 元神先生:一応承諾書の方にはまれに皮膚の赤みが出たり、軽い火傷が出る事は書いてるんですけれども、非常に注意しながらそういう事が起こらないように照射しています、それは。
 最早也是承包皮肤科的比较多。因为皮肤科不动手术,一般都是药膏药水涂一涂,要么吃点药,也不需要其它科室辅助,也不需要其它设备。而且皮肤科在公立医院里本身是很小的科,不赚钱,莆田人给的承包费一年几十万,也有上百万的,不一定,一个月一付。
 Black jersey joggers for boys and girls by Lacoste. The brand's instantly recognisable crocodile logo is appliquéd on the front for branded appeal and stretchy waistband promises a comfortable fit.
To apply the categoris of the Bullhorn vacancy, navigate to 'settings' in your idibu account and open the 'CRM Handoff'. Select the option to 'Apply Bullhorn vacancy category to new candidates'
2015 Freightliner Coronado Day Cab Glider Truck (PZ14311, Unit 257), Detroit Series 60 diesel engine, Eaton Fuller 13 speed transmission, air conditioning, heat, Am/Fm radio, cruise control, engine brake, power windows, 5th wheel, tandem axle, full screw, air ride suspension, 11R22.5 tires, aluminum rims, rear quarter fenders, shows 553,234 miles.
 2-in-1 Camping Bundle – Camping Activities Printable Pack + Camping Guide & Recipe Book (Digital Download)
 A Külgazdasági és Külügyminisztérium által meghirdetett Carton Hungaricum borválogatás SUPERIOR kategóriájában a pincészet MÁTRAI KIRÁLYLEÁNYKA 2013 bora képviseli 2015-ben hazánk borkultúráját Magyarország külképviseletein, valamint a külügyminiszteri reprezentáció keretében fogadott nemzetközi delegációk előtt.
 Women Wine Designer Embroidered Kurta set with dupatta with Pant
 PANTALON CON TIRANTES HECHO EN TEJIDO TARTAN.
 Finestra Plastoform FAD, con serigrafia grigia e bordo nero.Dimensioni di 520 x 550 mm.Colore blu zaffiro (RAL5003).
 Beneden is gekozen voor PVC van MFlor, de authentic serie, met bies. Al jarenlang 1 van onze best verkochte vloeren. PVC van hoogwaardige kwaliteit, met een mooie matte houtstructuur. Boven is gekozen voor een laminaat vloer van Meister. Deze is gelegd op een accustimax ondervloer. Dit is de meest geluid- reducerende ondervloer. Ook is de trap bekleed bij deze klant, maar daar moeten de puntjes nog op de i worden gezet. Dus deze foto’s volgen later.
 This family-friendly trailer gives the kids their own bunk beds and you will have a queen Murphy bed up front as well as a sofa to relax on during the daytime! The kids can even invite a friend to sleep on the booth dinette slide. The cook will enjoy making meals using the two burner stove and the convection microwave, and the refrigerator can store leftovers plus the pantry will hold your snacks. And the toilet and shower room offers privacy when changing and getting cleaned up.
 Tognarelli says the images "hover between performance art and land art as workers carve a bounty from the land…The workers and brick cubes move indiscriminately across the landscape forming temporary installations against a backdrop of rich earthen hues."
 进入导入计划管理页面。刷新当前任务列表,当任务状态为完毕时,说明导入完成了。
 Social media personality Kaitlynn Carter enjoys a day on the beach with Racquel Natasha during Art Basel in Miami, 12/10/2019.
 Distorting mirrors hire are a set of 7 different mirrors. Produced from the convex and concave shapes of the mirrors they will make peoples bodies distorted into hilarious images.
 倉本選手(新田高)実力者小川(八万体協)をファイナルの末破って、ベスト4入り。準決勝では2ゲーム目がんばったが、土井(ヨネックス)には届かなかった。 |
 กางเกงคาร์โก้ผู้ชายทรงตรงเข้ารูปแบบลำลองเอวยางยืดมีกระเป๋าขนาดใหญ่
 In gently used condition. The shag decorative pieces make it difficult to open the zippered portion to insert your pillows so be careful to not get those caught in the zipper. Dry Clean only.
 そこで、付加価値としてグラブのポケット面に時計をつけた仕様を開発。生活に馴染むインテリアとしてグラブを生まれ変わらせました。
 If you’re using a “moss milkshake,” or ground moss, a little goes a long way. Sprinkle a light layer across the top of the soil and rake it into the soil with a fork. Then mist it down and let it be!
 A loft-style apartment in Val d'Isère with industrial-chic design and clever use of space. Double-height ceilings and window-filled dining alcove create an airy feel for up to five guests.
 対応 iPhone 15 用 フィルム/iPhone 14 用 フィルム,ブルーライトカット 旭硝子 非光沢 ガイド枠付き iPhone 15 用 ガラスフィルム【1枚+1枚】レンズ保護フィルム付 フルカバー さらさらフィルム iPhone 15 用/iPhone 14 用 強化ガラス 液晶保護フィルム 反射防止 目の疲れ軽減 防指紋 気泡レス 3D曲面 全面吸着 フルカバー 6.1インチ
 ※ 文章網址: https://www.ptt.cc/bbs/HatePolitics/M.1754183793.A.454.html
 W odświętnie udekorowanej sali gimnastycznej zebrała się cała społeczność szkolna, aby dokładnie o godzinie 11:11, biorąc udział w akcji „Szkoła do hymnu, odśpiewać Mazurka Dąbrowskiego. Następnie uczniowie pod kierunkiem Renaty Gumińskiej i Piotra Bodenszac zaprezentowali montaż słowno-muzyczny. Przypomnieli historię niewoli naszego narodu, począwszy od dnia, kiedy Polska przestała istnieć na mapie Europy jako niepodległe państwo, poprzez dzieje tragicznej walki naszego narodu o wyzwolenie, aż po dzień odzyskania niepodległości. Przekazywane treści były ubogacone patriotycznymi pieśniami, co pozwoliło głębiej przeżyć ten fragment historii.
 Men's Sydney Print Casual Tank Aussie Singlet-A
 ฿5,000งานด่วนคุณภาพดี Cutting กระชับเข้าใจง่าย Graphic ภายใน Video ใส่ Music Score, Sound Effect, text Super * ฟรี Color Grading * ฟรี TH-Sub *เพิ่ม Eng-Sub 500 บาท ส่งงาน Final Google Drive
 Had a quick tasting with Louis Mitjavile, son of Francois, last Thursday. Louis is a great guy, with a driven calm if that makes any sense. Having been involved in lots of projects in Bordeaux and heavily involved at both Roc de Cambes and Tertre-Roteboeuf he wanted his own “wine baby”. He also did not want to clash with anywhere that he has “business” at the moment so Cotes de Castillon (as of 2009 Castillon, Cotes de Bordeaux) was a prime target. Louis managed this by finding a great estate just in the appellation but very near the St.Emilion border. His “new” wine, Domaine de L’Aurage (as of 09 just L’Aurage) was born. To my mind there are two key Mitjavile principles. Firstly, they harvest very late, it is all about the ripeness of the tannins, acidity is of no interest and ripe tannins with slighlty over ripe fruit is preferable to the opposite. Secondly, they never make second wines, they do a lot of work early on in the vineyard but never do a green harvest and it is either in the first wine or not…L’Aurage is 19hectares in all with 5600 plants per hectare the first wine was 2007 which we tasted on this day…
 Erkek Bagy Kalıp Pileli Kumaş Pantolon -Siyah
◆ ◆ ◆ ◆ ◆ ◆ ◆
Search the records above for the string "from". Copy every line that contains it.

 Tognarelli says the images "hover between performance art and land art as workers carve a bounty from the land…The workers and brick cubes move indiscriminately across the landscape forming temporary installations against a backdrop of rich earthen hues."
 Distorting mirrors hire are a set of 7 different mirrors. Produced from the convex and concave shapes of the mirrors they will make peoples bodies distorted into hilarious images.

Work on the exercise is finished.